Your instructions:
The whole listing that follows, pictures excepted, should be printed again exactly as given.

Dataset extract:
*****

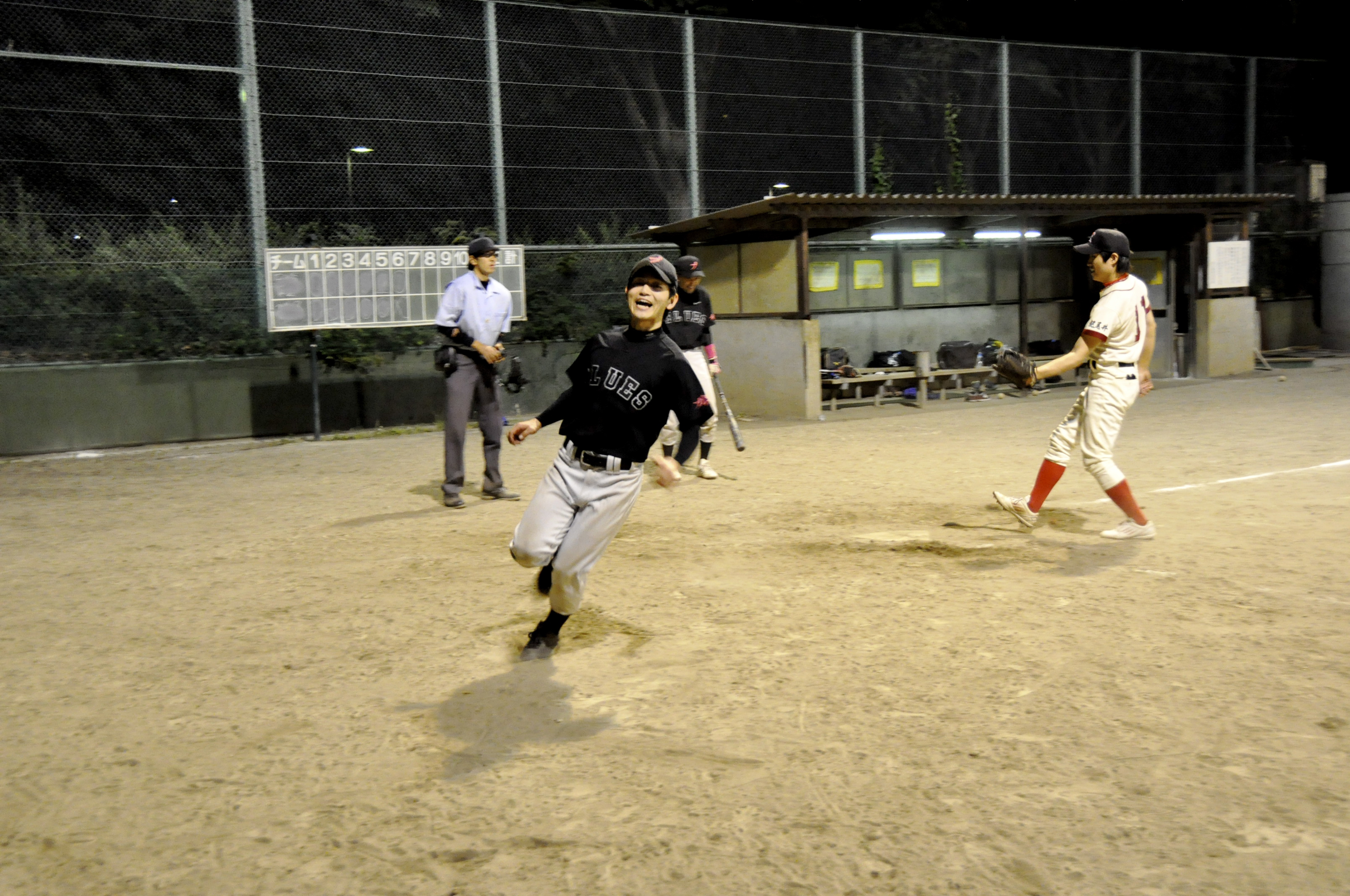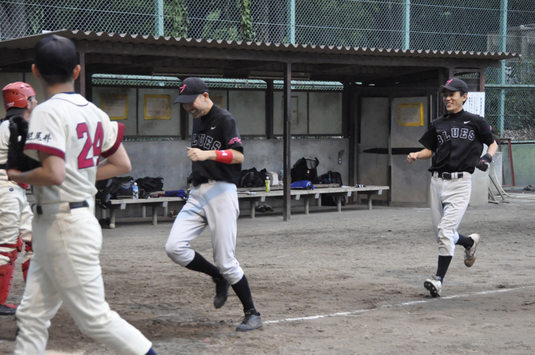 健太が帰ってきた!半年のブランクを全く感じさせない、元気細胞は健在!好打に加え、ショートストップとして見事な守りを見せたかと思えば、最終回は、Y鍋アニキの勝利をになってピシャリと四ツ谷の攻撃を押さえて、四ツ谷第二を連続撃破!!TANUKIリーグでは負けないBLUES!!![]()
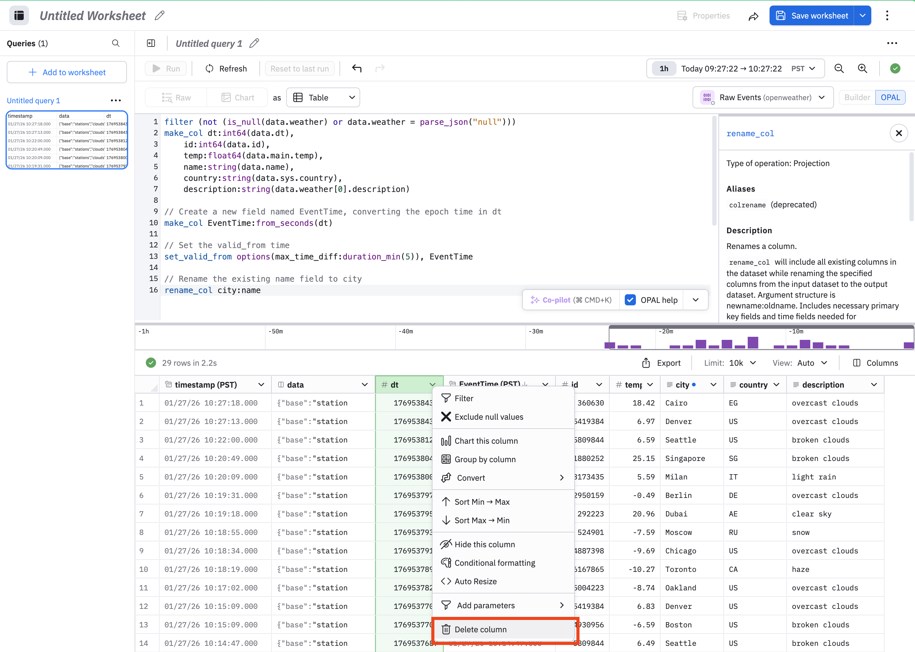 NoteThe Dataset must have a valid timestamp, so don't drop the timestamp field. The UI won't show the Delete column menu item for that field, and the OPAL console displays an error if you try to do it with
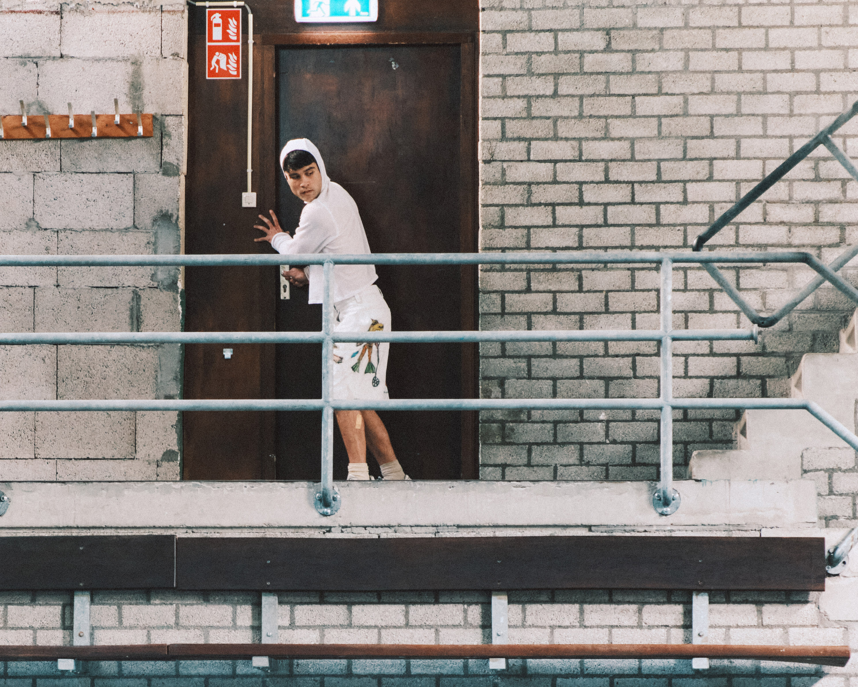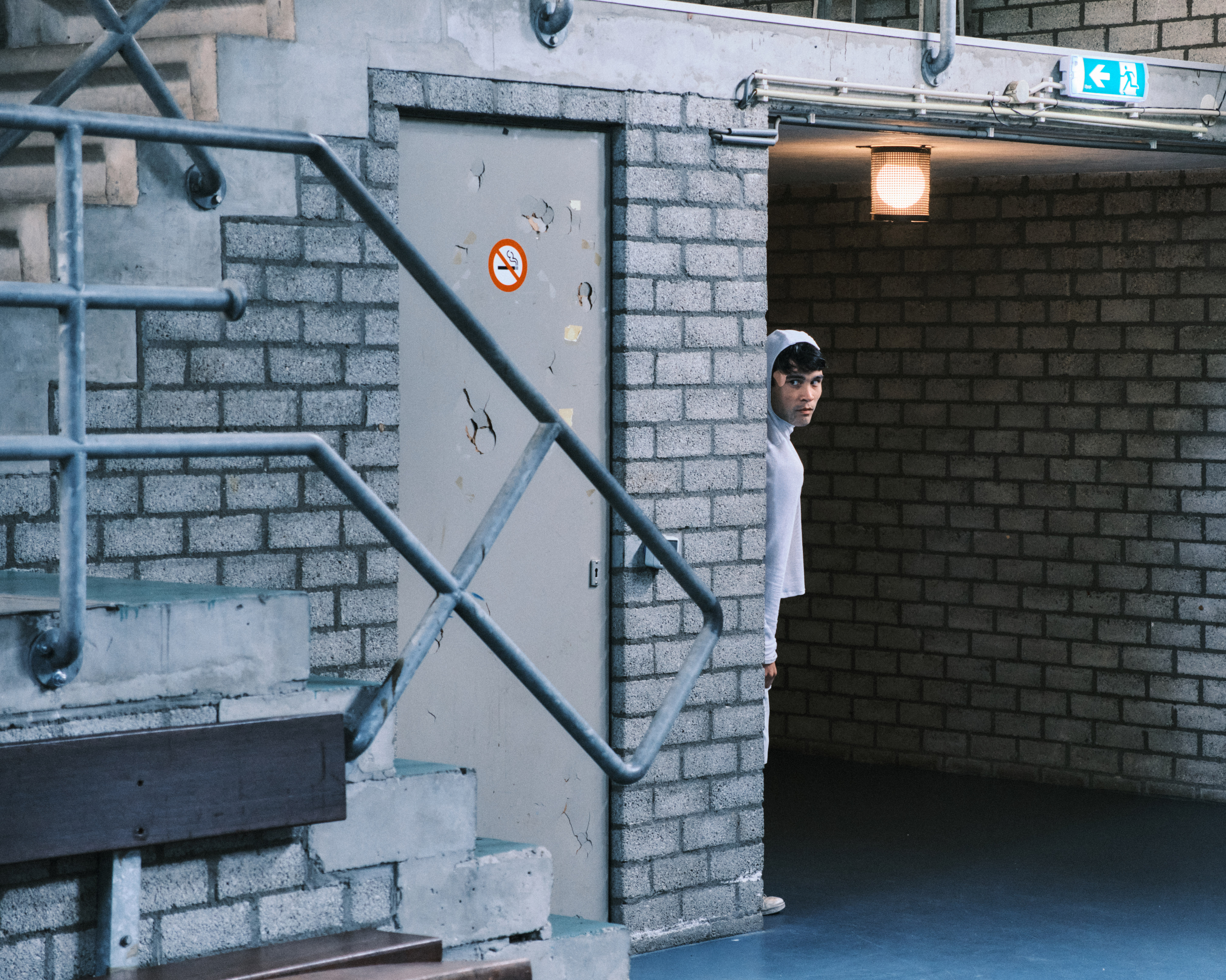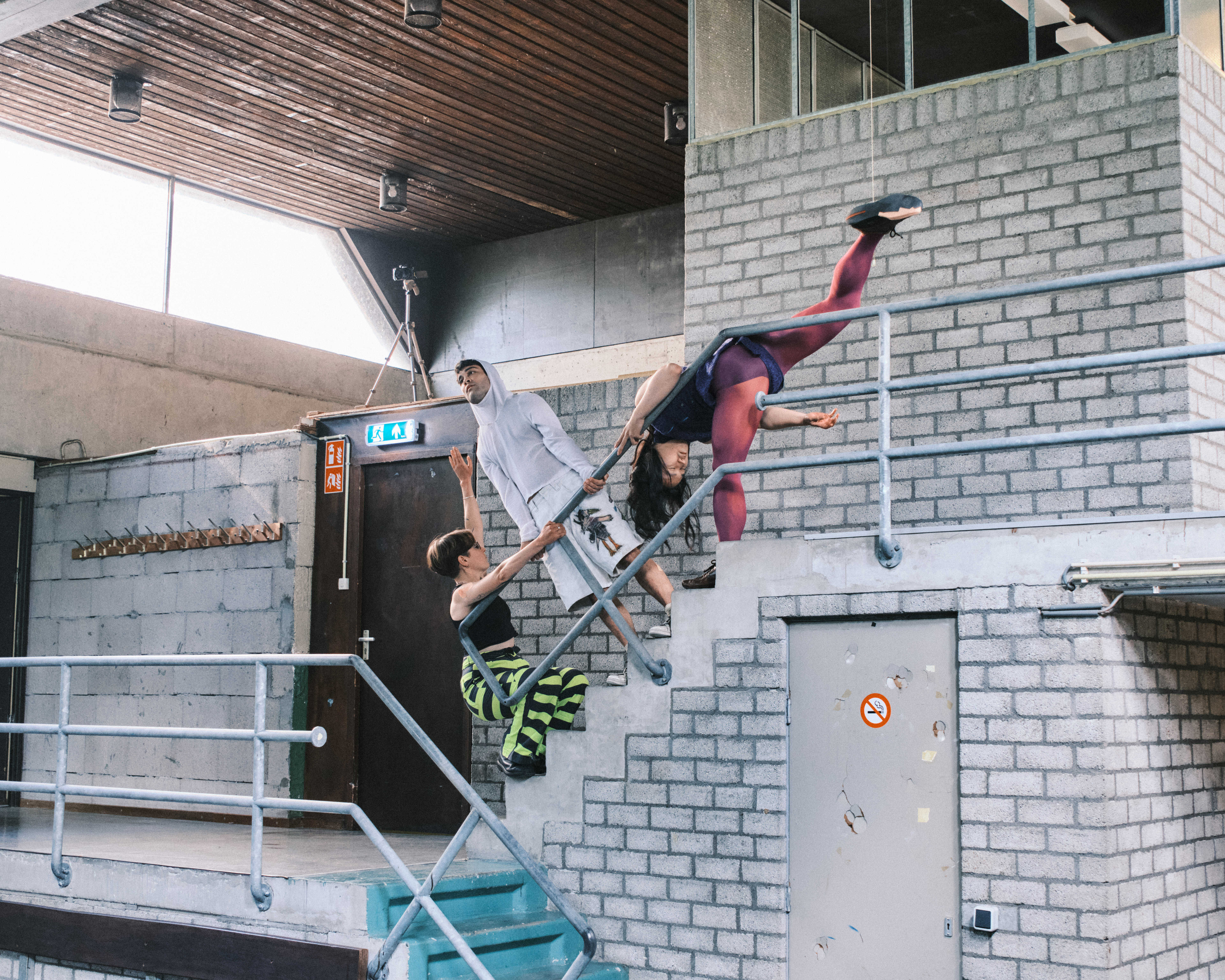 Deposition 2 is a performance by Ivan Cheng, Jules Reidy, Marcus Whale, with garments by Good & Bad (Marina M. Kolushova, Victor Stuhlmann, Ossi Lehtonen) and camera by Arvo Leo & Max Grund, staged for the spaces of the gymnasium of the structuralist complex Gouden Leeuw. The piece is presented by GDL525 in the context of Ivan Cheng’s residency at the Mondriaan Initiative in Laren. Written during a brief working period together at the residency, it continues their various collaborations over the last decade

*****

Written response:
 健太が帰ってきた!半年のブランクを全く感じさせない、元気細胞は健在!好打に加え、ショートストップとして見事な守りを見せたかと思えば、最終回は、Y鍋アニキの勝利をになってピシャリと四ツ谷の攻撃を押さえて、四ツ谷第二を連続撃破!!TANUKIリーグでは負けないBLUES!!![]()
 NoteThe Dataset must have a valid timestamp, so don't drop the timestamp field. The UI won't show the Delete column menu item for that field, and the OPAL console displays an error if you try to do it with
 Deposition 2 is a performance by Ivan Cheng, Jules Reidy, Marcus Whale, with garments by Good & Bad (Marina M. Kolushova, Victor Stuhlmann, Ossi Lehtonen) and camera by Arvo Leo & Max Grund, staged for the spaces of the gymnasium of the structuralist complex Gouden Leeuw. The piece is presented by GDL525 in the context of Ivan Cheng’s residency at the Mondriaan Initiative in Laren. Written during a brief working period together at the residency, it continues their various collaborations over the last decade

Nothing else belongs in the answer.